Saddle-to-Saddle Dynamics in Deep Linear Networks: Small Initialization Training, Symmetry, and Sparsity
This provides theoretical insights into training dynamics for deep learning researchers, though it is incremental as it builds on known regimes like NTK.
The paper investigates how initialization variance affects training dynamics in deep linear networks, showing a phase transition between regimes and proposing a saddle-to-saddle dynamics where gradient descent moves through saddles of increasing rank to reach sparse minima.

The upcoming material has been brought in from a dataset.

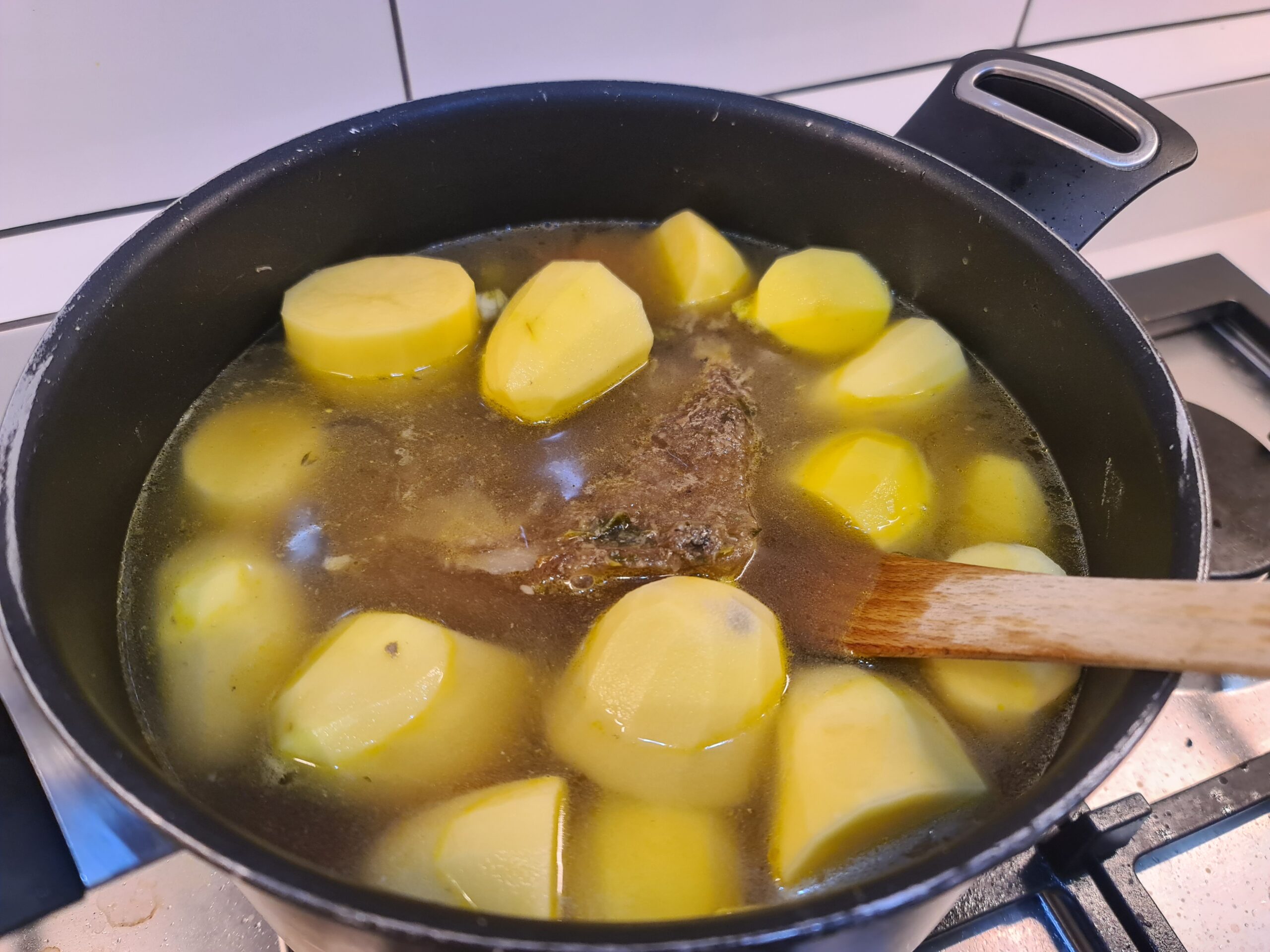 Ajoutez le bouillon, le poulet, les pommes de terre, salez, poivrez, puis portez à ébullition

The dynamics of Deep Linear Networks (DLNs) is dramatically affected by the variance $σ^2$ of the parameters at initialization $θ_0$. For DLNs of width $w$, we show a phase transition w.r.t. the scaling $γ$ of the variance $σ^2=w^{-γ}$ as $w\to\infty$: for large variance ($γ<1$), $θ_0$ is very close to a global minimum but far from any saddle point, and for small variance ($γ>1$), $θ_0$ is close to a saddle point and far from any global minimum. While the first case corresponds to the well-studied NTK regime, the second case is less understood. This motivates the study of the case $γ\to +\infty$, where we conjecture a Saddle-to-Saddle dynamics: throughout training, gradient descent visits the neighborhoods of a sequence of saddles, each corresponding to linear maps of increasing rank, until reaching a sparse global minimum. We support this conjecture with a theorem for the dynamics between the first two saddles, as well as some numerical experiments.